The study should not, however, be cause for concern among the altitudinally gifted, says Anthony D'Amico, MD, PhD, chief of genitourinary radiation oncology at the Brigham & Women's Hospital and Dana-Farber Cancer Institute in Boston.

"My bottom line on this study right now is that it's very interesting, but it's not in my opinion ready to act on in terms of clinical implications," D'Amico tells WebMD. "In other words, I don't think we should screen people who are taller at a younger age, because I don't think the level of evidence is strong enough to support that taller people are more likely to get high-grade cancers."

Height-Cancer Link

The researchers speculate that levels of a hormone known as insulin-like growth factor-I (IGF-1) in childhood may play a role in cancer risk. Taller men tend to have had higher blood levels of IGF-1 in childhood, and higher blood levels of the growth factor in adulthood have been linked to higher prostate cancer risk.

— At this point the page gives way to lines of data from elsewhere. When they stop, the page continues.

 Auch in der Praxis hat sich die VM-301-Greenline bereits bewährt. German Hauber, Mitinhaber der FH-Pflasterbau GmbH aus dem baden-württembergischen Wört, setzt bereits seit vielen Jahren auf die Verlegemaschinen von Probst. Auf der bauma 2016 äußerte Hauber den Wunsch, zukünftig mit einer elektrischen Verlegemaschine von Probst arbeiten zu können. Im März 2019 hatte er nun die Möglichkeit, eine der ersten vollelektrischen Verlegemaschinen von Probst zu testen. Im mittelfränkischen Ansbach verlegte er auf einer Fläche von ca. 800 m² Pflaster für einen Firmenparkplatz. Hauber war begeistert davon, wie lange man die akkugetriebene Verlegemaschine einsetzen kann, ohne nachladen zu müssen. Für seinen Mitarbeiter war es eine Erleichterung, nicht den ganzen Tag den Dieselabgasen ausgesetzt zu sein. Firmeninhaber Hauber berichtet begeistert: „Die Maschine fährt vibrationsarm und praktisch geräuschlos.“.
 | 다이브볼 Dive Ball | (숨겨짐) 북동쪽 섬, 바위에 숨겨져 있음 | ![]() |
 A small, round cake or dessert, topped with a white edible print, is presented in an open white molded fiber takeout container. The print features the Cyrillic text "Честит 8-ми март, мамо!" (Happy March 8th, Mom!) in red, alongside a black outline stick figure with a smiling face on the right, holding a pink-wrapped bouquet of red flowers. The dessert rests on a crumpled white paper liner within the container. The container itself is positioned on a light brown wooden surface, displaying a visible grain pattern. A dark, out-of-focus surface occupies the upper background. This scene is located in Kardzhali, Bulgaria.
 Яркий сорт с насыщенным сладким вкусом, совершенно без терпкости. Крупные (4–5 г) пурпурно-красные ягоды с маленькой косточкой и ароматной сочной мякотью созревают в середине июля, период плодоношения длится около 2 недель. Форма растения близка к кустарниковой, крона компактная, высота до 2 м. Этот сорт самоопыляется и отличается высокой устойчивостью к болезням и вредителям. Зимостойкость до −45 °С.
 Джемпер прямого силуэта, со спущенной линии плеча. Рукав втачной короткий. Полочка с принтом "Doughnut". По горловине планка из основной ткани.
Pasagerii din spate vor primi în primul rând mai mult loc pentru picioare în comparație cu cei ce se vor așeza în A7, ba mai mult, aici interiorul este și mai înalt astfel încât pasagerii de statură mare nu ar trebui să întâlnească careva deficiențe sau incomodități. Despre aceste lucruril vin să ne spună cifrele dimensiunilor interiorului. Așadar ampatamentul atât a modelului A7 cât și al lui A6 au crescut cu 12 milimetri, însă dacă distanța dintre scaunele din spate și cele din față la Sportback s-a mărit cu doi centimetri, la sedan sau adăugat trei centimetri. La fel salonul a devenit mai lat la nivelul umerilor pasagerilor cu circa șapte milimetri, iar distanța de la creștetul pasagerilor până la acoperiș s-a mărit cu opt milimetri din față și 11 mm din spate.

To find the height-cancer link, they looked at data on 1,357 men ages 50 to 69 who were taking part in a study of prostate cancer therapies, and at an additional 7,990 healthy men. They also combed through studies of a possible link between height and prostate cancer and pooled the results as a means of confirming their findings.

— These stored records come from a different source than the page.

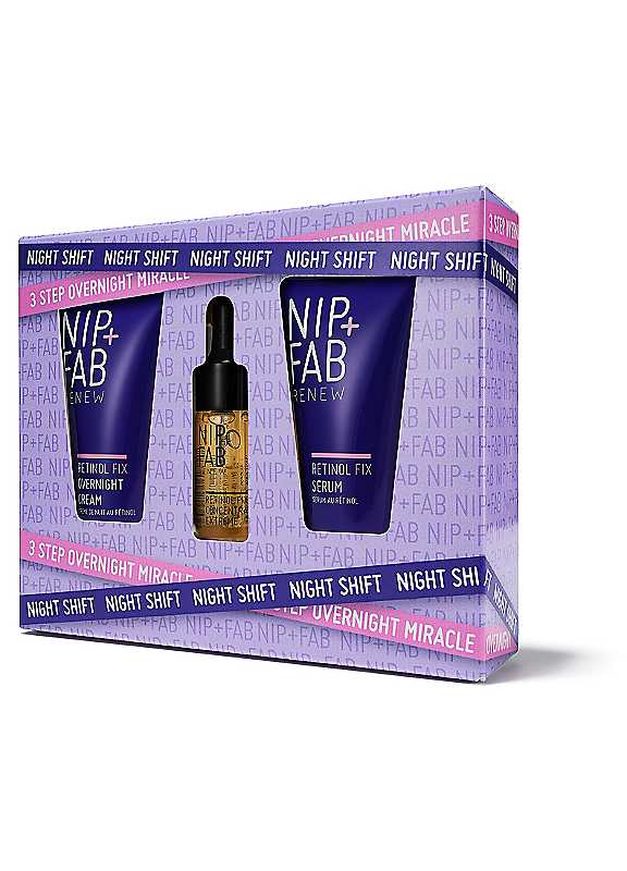 The set contains 3 large deluxe sized products, these are not your average mini product. It includes Retinol Fix Concentrate 10ml (1/3 the size of our full sized product), plus our Retinol Fix Serum 20ml and Retinol Fix Overnight Cream 20ml, both 40% the size of our full sized products. If all 3 products are used every night, the set contains between 2-4 weeks of use depending on application volume, however we generally advise to start using retinol just 3 nights a week and building up from there. This will allow you to identify your skin's tolerance levels and the right mix of products used alongside for maximum results. Nip + Fab Retinol Fix uses balanced, multi ingredient formulas to deliver results, these are not single active ingredient products, they have all-round benefits with a focus on accelerating collagen production in the skin and balancing this with continued hydration. Developed for gentle but effective results, they are suitable for first time retinol users in isolation or layered for an experienced retinol user. The set allows you to trial the textures and get a feel for what's right for your skin. What's included?- Retinol Fix Concentrate 10ml: A water-like concentrate which absorbs super quickly as your first layer post cleansing. Retinol Fix Serum 20ml: A balm-like serum which works beautifully on dehydrated and more mature skin types. Retinol Fix Overnight Cream 20ml: A lightweight but intensely hydrating overnight cream texture, the perfect final layer before bed. How To Use: Incorporate these products into your evening skincare routine based on your experience with retinol For seasoned retinol users - Cleanse After a single or double cleanse in the evening, ensure your skin is free from dirt & makeup. We recommend using our Ceramide Fix Cleansing Balm. Apply Retinol Fix Concentrate Apply the Retinol Fix Concentrate across your face & neck. Follow with Retinol Fix Serum: Layer your routine with a serum to enhance hydration & treatment. Finish with Retinol Fix Overnight Cream: Complete your routine by applying an overnight cream to lock in moisture. Frequency: Start with 3 nights per week, gradually increasing as your skin adapts & benefits. Important: Always wear SPF the following morning after using retinol to protect your skin from sun sensitivity. For first-time retinol users - Cleanse: Start with a thorough cleanse to prepare your skin for the routine. We recommend using our Ceramide Fix Cleansing Balm. Apply Retinol Fix Concentrate: Gently apply the Retinol Fix Concentrate across your face & neck. Follow with Hydrating Serum: Use a hydrating serum such as our Hyaluronic Fix Extreme4 Serum 2% to nourish & plump your skin. Finish with Barrier-Supporting Night Cream: Apply a barrier-supporting cream like Ceramide Fix Overnight Cream 12% to soothe & protect your skin overnight. Frequency: Use this routine 2-3 nights a week. As your skin becomes more tolerant, replace your serum & night cream with the Retinol Fix Serum & Retinol Fix Overnight Cream to further boost your results. mportant: Always wear SPF the morning after using retinol to protect your skin. | retinol night cream, night face care, retinol brightening serum, retinol sensitive skin, skincare products set, overnight skin treatment, skincare for 40s, uneven skin tone, hydrating face cream, night skin care, glass skin routine, dry skin face
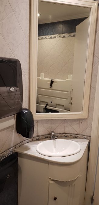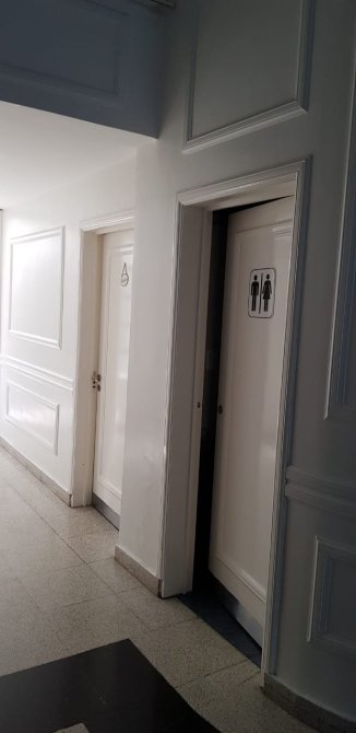 Baño para discapacitados. Baño de mujeres con doble bacha en mesada y tres cubículos. Baño de hombres con doble bacha en mesada, dos cubículos y dos mingitorios. Guardarropa. Espacio de montacarga.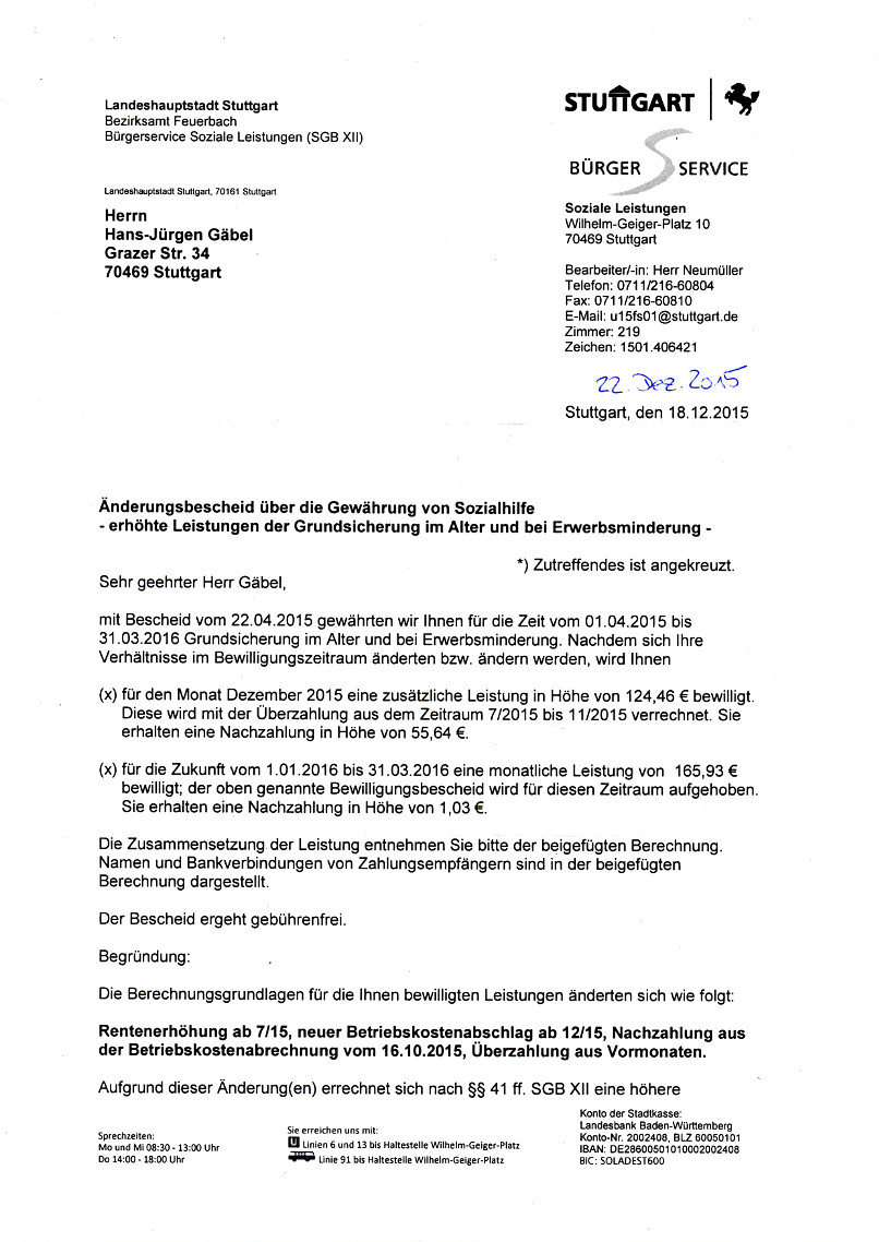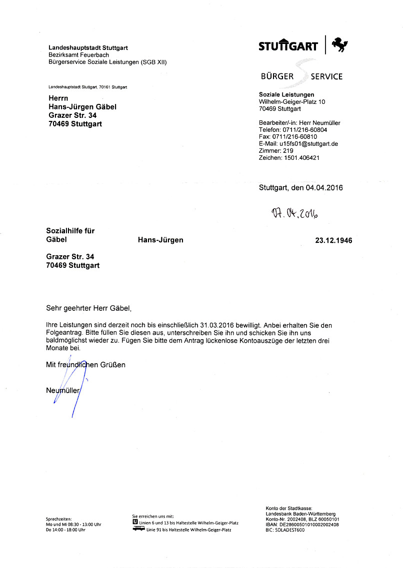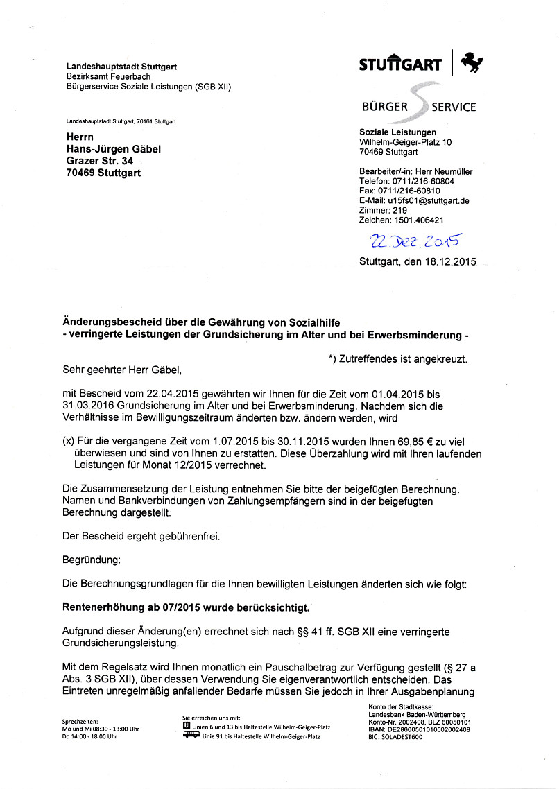 SchreibenI Bezirksamt Feuerbach vom 18. Dezember 2015 wegen Grundsicherung![]() ![]() ![]() ![]() ![]() SchreibenII Bezirksamt Feuerbach vom 18. Dezember 2015 wegen Grundsicherung ![]() ![]() ![]() ![]() Schreiben Bezirksamt Feuerbach vom 04. April 2016 wegen Folgeantrag Grundsicherung ![]() Folgeantrag für die Grundsicherung (datiert auf den 04. April 2016) ![]() Änderungsbescheid vom 12. April 2016 wegen Grundsicherung ![]() ![]() ![]() ![]() Bescheid vom 12. April 2016 wegen Grundsicherung ![]() ![]() ![]() ![]() |

They found that among men in the cancer treatment study, every 10 centimeter (3.9 inch) increase in height was associated with about a 6% increase in prostate cancer risk. But this trend wasn't statistically significant, meaning it could a chance finding. The researchers found significant degree of risk (6% for every 10 centimeter increase in height) when they looked at the combined results of 58 separate studies of prostate cancer and height.

They also found that height, especially in men with longer legs, was also associated with about a 12% to 23% increase in risk for more aggressive high-grade prostate cancer. Taller men did not, however, appear to be at any greater risk for low-grade, slower-growing prostate cancer.

The study appears in the September issue of Cancer Epidemiology Biomarkers & Prevention.